Вот оно, центральное изображение иконы: один непоколебимо стоит в истине, другой уклоняется.Уклонение ведет к великим бедам для России, поскольку все в государстве висит на одном гвозде — воле государевой. Благочестивая твердость в конечном счете ограничивает меру уклонения. Духовный подвиг одного предъявляет духовную шаткость другого.

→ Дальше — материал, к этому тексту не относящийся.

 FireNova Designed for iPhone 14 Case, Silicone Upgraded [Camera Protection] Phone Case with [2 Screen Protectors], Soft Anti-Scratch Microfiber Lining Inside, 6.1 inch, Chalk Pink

Ну а «фоном» служит, например, Ливонская война. На протяжении многих лет велась борьба между Россией и Литвой за Полоцк. В реальной истории город открыл нашей армии ворота 15 февраля 1563 года, а через шестнадцать с половиной лет его вновь захватил польский король Стефан Баторий. У Иванова Полоцк сдают другому королю на дюжину лет раньше действительного срока. Зачем это понадобилось автору? Для одного из «клейм» на полях иконы. Вот опричная свирепость, а вот ее результат — казнь людей, честно защищавших город, и сдача его теми, для кого чужеземный государь оказался предпочтительнее своего... Следующее клеймо — иудин поцелуй государя перед тем, как по его приказу Малюта Скуратов погубит Филиппа (в реальности Иван IV, как уже говорилось, не навещал Филиппа перед его убиением и тем более не целовал его, но и карать палача не стал, то есть одобрил Малютину работу). А вот государь, позвавший народ на царское увеселение и покинутый им, — еще одно клеймо. За грехом, таким образом, следует открытое и явное воздаяние. В нем видно прямое действие высшей силы — Господа Бога.

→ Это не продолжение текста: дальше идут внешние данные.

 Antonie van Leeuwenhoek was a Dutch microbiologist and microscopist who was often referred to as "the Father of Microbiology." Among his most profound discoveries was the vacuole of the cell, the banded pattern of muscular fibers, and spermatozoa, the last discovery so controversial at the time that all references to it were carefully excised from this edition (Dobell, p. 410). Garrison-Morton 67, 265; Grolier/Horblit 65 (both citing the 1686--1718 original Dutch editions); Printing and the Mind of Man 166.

Трудно сказать, до какой степени позволителен подобный художественный метод. Современный русский исторический роман давно воспринял мистику как нечто родное, неотъемлемо присущее жанру. И многие известные авторы современных исторических романов — Александр Сегень, Ольга Елисеева, Далия Трускиновская — прекрасно совмещают точность исторической фактуры и мистическую основу действия. Иванов от этой точности отказался. Поэтому, наверное, и называть его книгу историческим романом не стоит. Это мистический роман.